Exercise objective - Print only the lines below, from the very first to the one containing "Το σετ δώρου", exactly as they stand. Do not print pictures.

Source data -
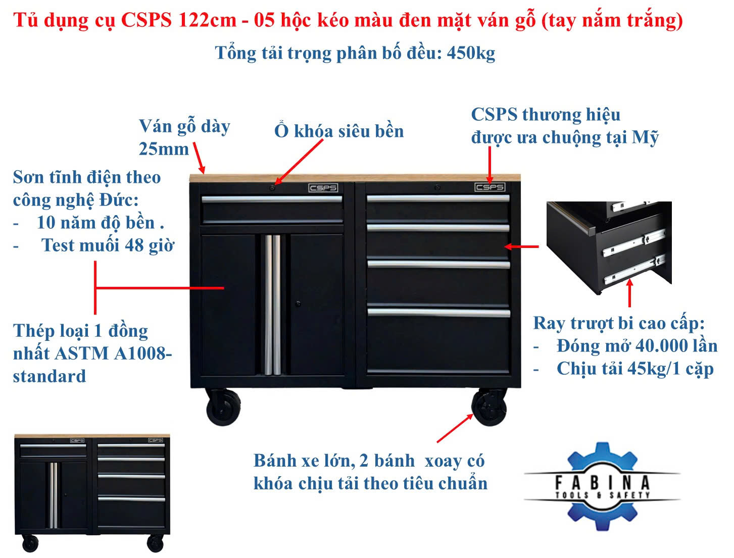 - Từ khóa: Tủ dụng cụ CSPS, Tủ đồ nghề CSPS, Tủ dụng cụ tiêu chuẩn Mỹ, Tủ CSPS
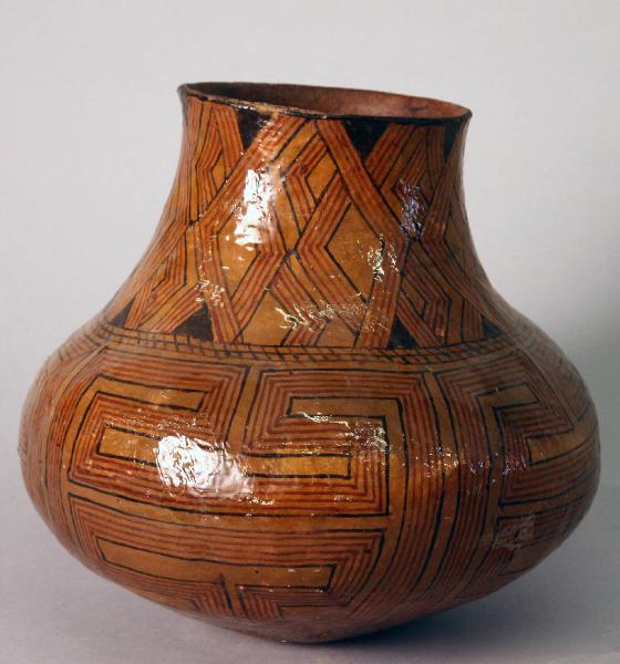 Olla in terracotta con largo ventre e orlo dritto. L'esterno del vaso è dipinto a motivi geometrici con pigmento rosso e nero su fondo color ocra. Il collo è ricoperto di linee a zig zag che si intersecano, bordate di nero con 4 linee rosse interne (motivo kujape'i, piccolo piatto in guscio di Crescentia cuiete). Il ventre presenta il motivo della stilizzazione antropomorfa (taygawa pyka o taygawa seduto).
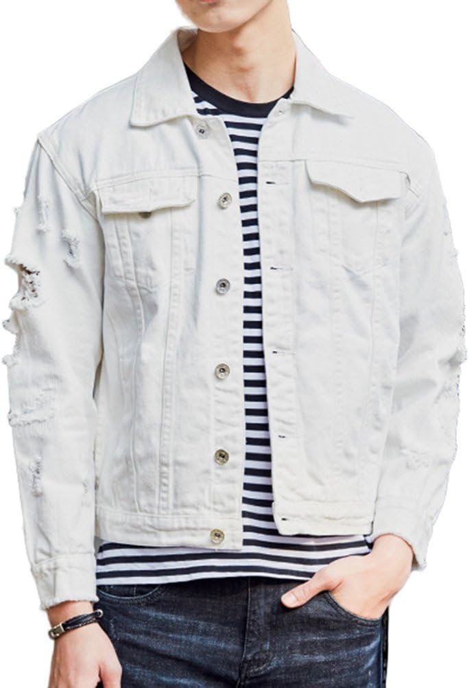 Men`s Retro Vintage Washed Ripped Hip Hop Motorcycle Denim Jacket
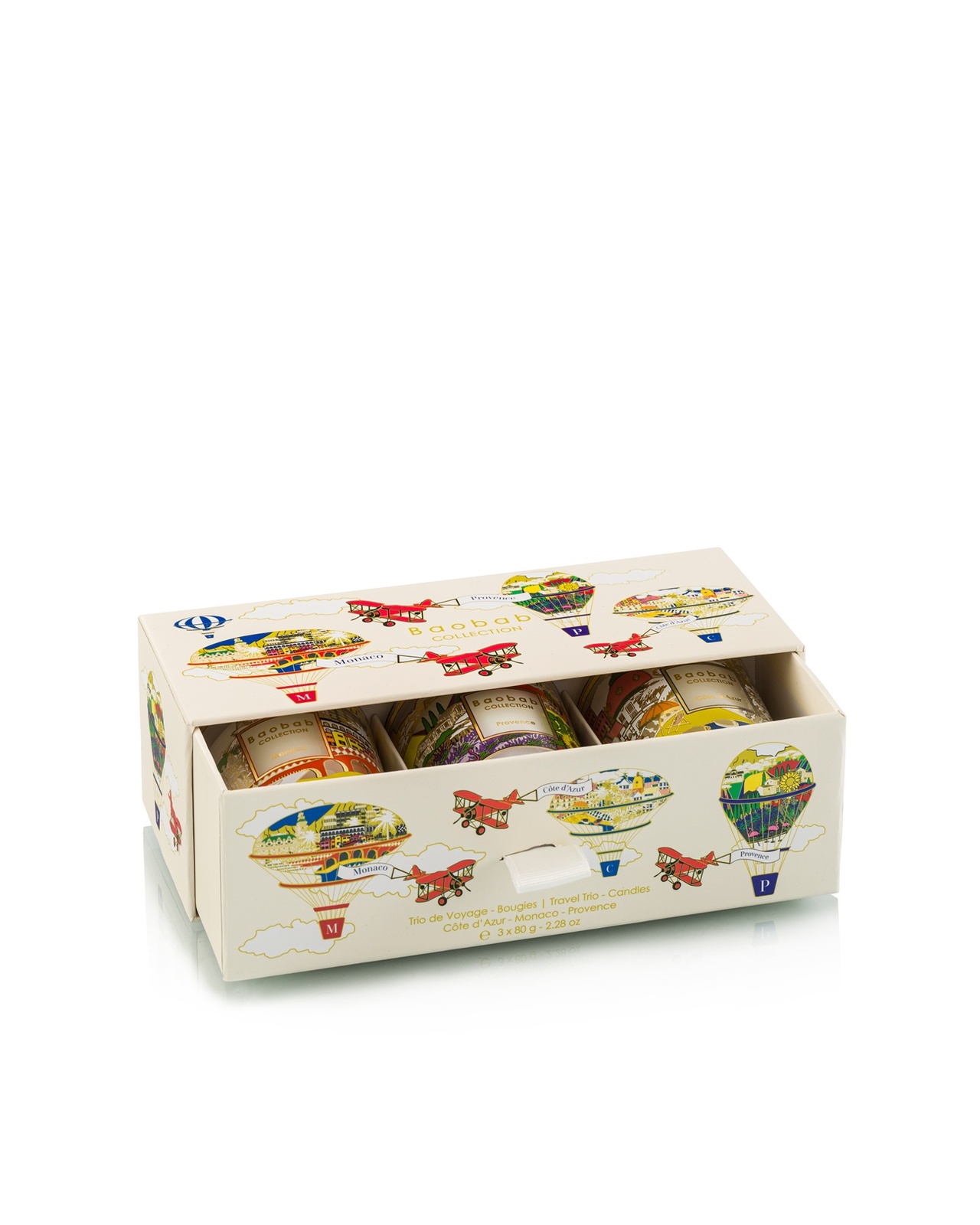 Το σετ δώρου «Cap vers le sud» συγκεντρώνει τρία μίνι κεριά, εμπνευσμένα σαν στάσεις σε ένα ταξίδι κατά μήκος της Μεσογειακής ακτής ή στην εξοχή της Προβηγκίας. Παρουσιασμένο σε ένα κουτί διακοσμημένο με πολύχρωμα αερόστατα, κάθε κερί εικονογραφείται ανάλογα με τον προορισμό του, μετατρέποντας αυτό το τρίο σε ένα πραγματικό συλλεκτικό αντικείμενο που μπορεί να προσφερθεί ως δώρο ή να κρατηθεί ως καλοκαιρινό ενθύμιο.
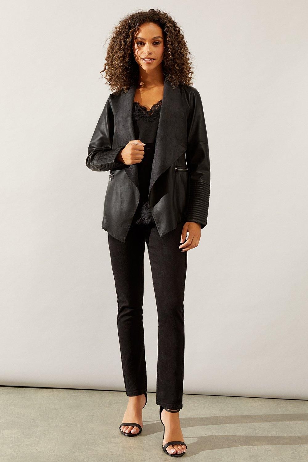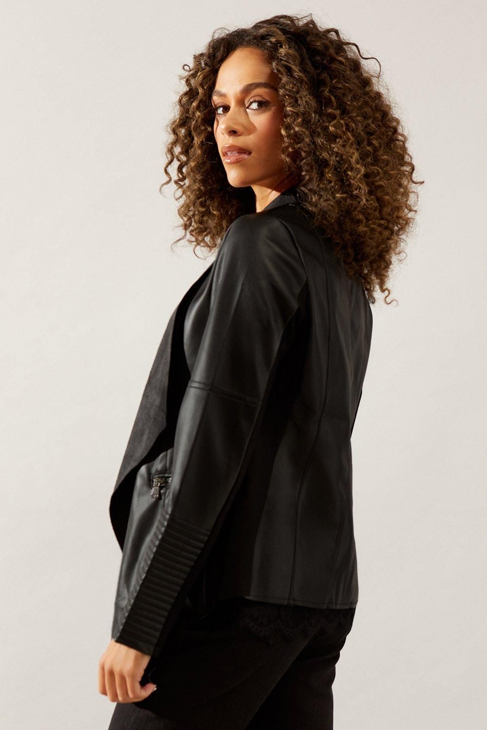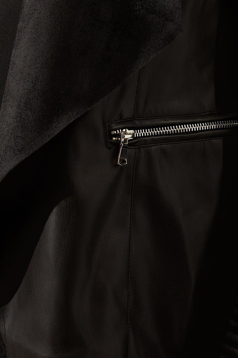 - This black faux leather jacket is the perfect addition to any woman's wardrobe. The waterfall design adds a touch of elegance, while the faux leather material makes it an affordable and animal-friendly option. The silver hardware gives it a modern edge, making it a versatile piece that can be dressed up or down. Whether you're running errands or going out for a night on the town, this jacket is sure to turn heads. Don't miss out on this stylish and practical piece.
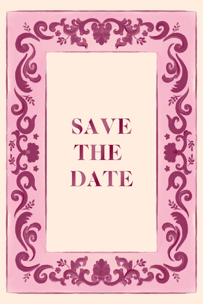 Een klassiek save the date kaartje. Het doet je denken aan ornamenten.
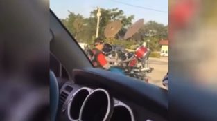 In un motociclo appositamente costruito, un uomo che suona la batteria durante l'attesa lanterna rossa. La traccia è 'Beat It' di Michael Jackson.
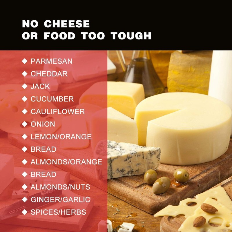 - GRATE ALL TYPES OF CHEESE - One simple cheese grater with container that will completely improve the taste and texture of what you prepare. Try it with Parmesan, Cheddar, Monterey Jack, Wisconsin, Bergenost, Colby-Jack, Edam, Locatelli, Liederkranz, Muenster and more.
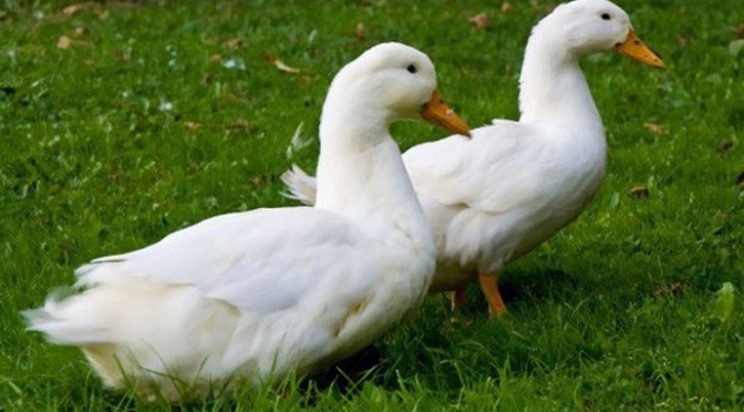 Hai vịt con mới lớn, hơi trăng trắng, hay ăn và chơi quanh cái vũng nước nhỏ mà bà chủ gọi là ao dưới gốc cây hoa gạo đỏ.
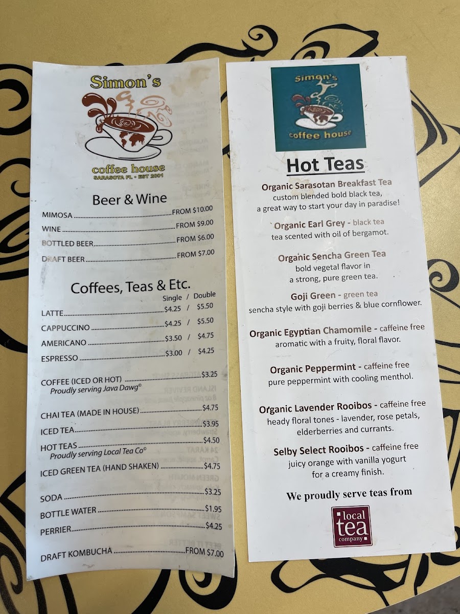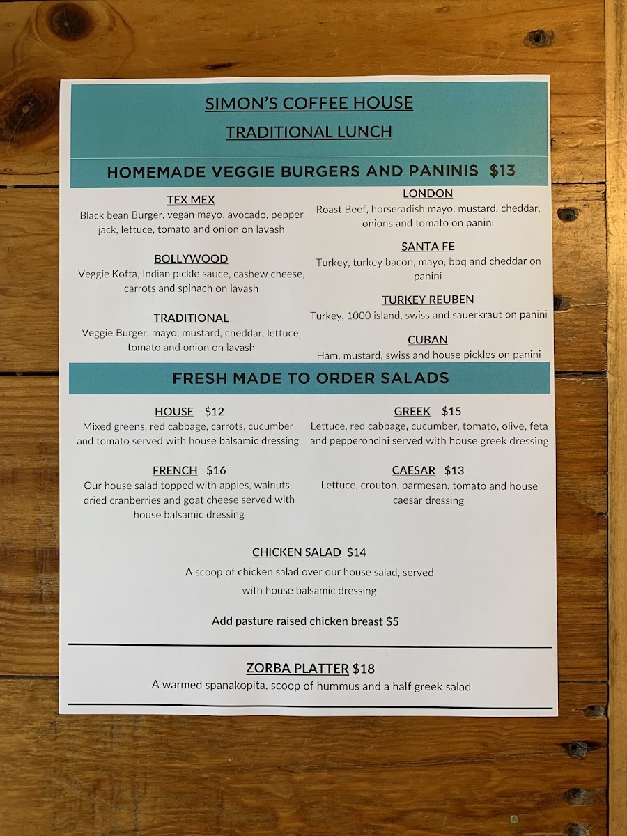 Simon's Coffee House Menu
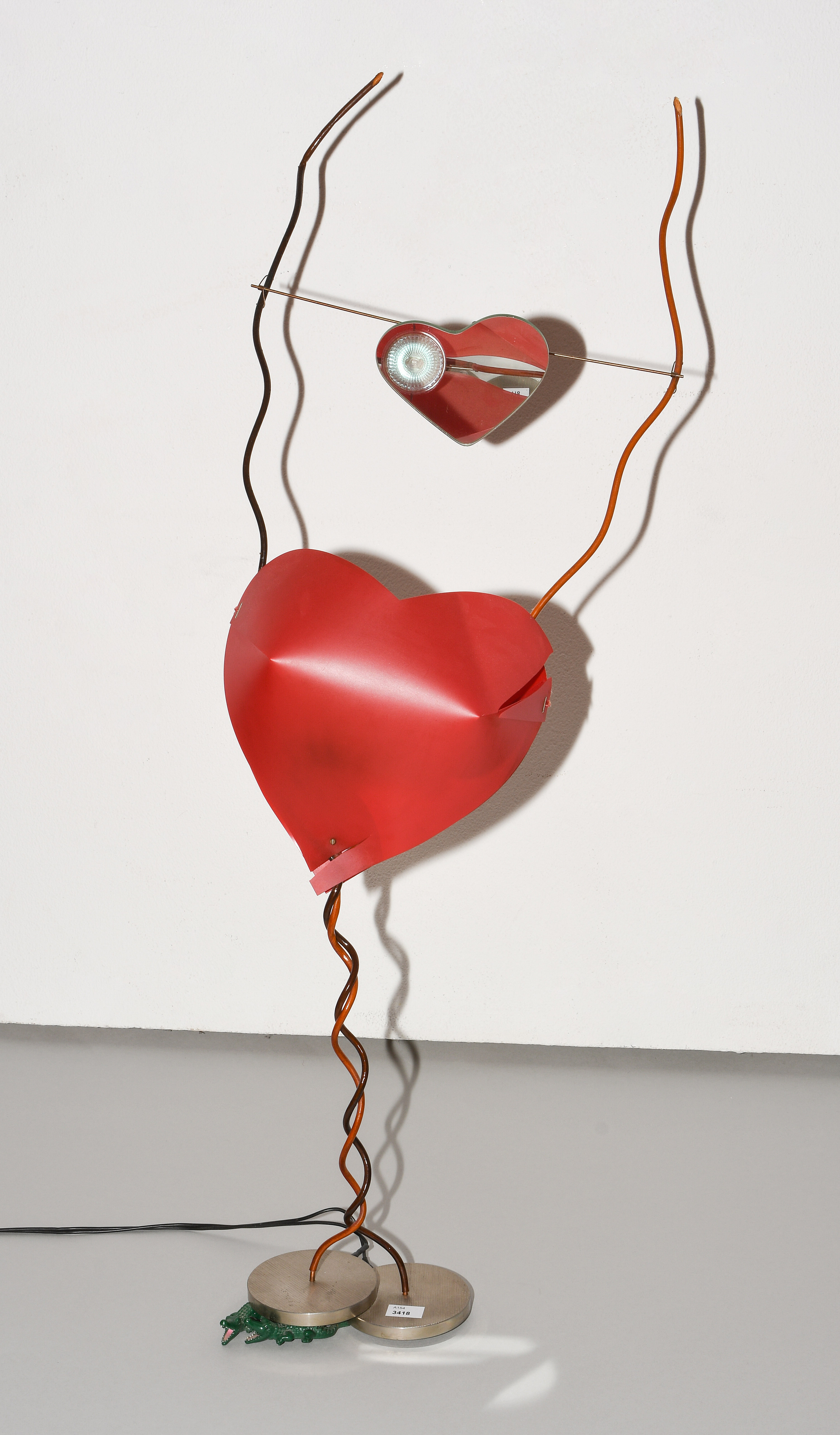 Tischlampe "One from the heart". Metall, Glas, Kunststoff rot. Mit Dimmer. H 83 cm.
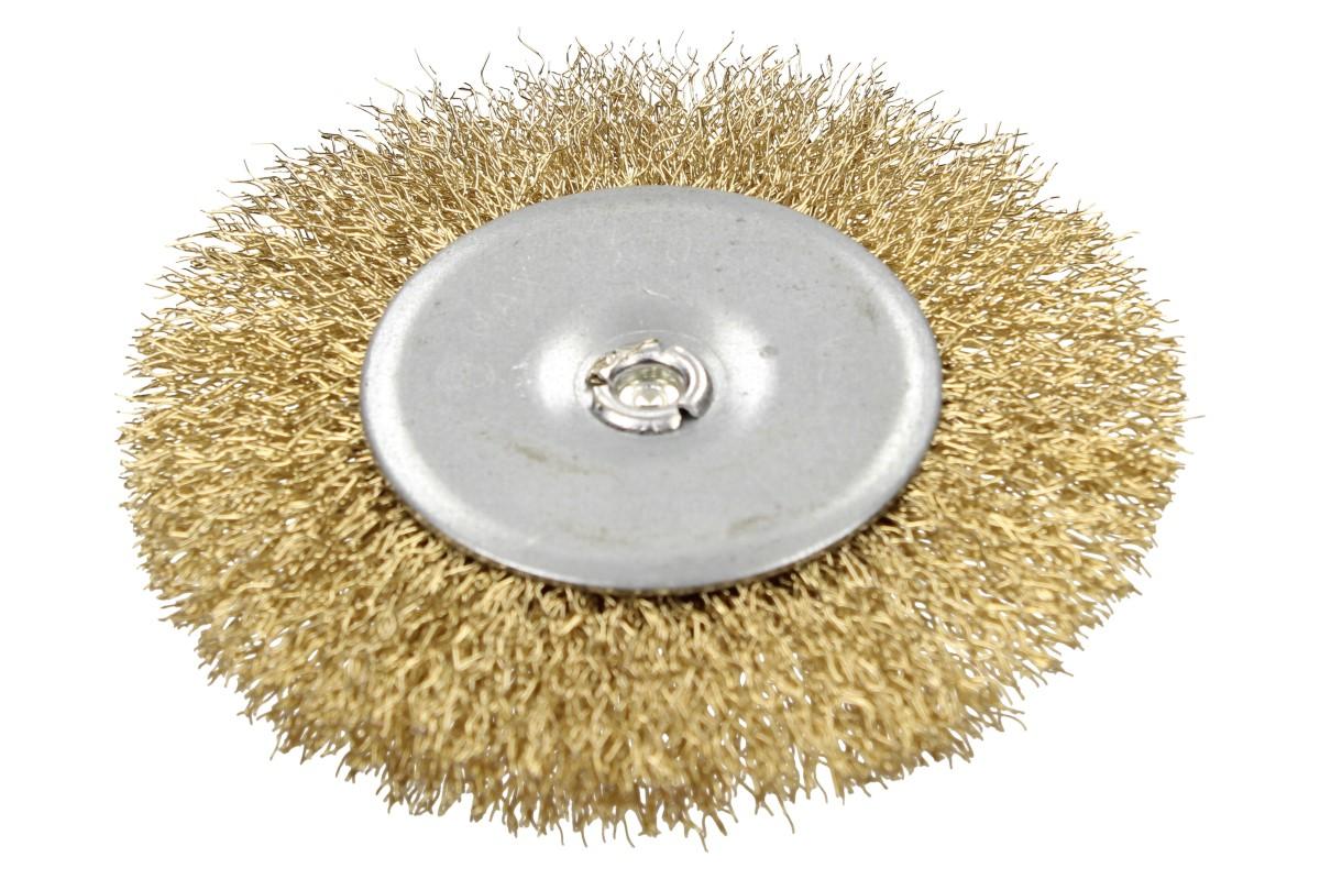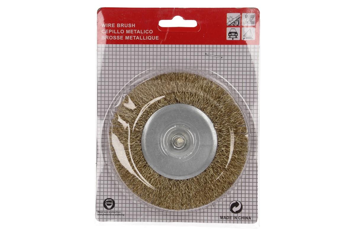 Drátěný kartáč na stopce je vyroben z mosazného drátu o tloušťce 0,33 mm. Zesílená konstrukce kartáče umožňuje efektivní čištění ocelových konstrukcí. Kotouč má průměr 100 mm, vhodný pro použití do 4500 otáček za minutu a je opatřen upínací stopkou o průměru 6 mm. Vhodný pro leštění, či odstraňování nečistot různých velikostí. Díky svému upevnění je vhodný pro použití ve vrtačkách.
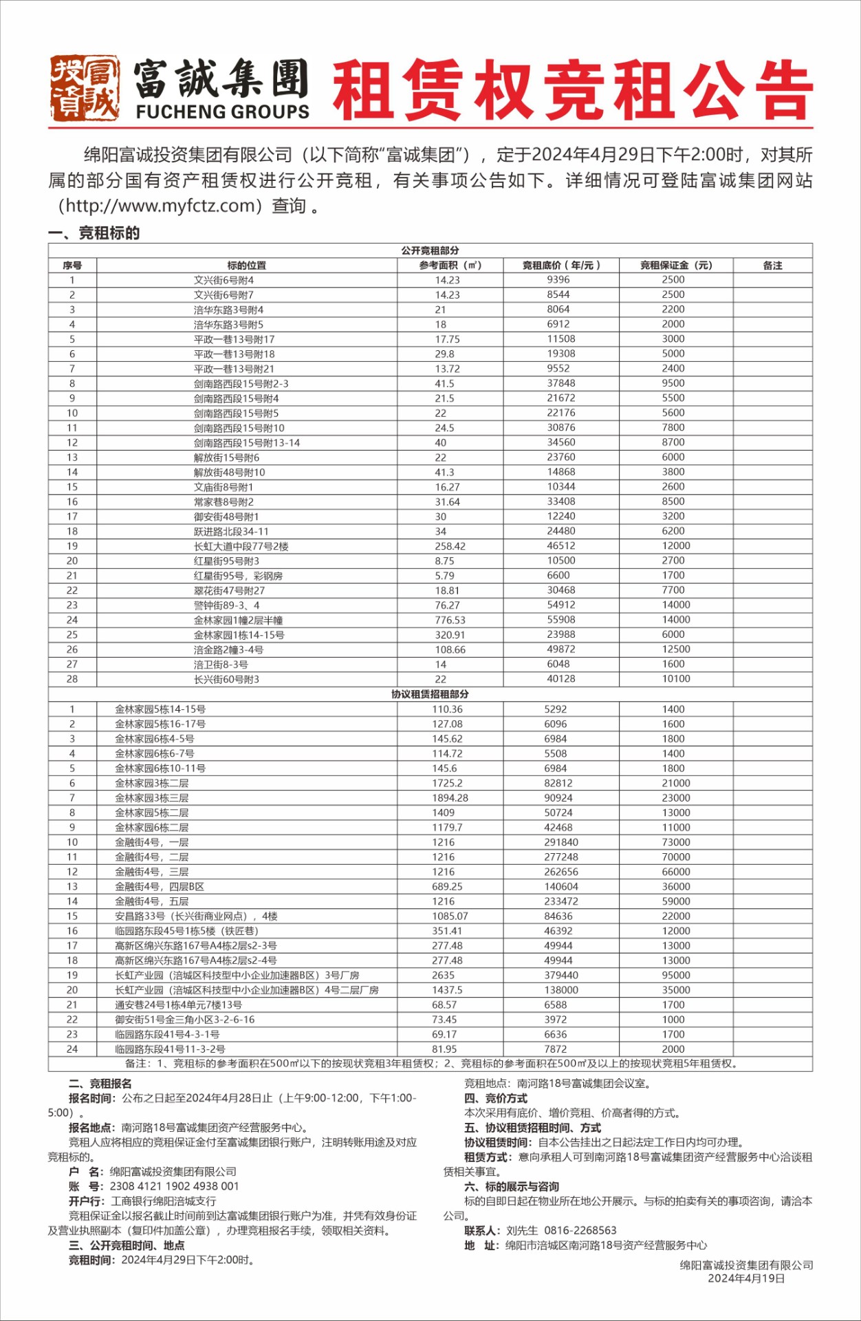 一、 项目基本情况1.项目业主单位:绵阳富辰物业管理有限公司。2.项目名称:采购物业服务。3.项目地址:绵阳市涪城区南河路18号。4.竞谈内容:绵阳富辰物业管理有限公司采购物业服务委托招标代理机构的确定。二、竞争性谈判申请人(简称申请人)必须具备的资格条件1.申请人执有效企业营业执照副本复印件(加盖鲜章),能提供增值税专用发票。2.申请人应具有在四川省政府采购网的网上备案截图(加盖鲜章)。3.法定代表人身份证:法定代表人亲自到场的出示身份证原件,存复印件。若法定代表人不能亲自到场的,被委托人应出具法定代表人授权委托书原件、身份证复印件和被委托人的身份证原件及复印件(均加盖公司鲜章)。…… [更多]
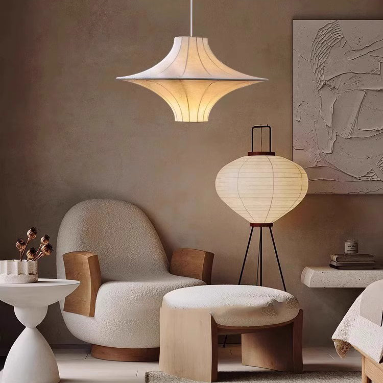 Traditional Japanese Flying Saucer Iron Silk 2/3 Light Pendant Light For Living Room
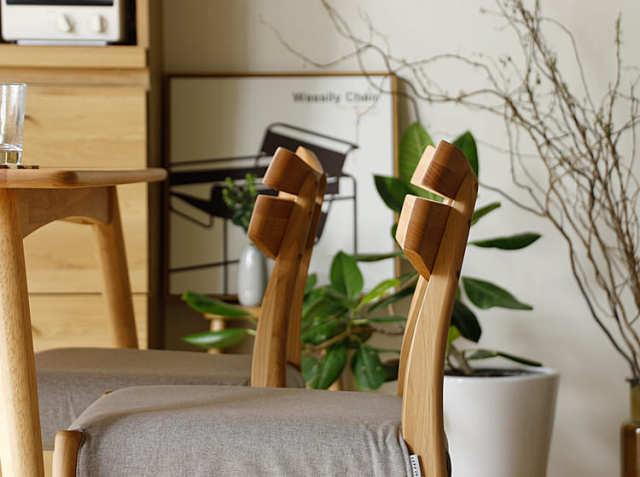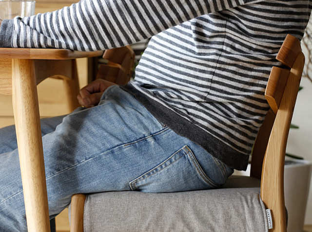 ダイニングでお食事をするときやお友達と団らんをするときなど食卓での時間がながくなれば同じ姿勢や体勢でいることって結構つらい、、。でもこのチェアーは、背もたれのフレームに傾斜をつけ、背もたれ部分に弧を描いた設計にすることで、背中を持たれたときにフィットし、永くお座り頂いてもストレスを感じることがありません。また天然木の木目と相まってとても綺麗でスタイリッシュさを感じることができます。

Final answer -
 - Từ khóa: Tủ dụng cụ CSPS, Tủ đồ nghề CSPS, Tủ dụng cụ tiêu chuẩn Mỹ, Tủ CSPS
 Olla in terracotta con largo ventre e orlo dritto. L'esterno del vaso è dipinto a motivi geometrici con pigmento rosso e nero su fondo color ocra. Il collo è ricoperto di linee a zig zag che si intersecano, bordate di nero con 4 linee rosse interne (motivo kujape'i, piccolo piatto in guscio di Crescentia cuiete). Il ventre presenta il motivo della stilizzazione antropomorfa (taygawa pyka o taygawa seduto).
 Men`s Retro Vintage Washed Ripped Hip Hop Motorcycle Denim Jacket
 Το σετ δώρου «Cap vers le sud» συγκεντρώνει τρία μίνι κεριά, εμπνευσμένα σαν στάσεις σε ένα ταξίδι κατά μήκος της Μεσογειακής ακτής ή στην εξοχή της Προβηγκίας. Παρουσιασμένο σε ένα κουτί διακοσμημένο με πολύχρωμα αερόστατα, κάθε κερί εικονογραφείται ανάλογα με τον προορισμό του, μετατρέποντας αυτό το τρίο σε ένα πραγματικό συλλεκτικό αντικείμενο που μπορεί να προσφερθεί ως δώρο ή να κρατηθεί ως καλοκαιρινό ενθύμιο.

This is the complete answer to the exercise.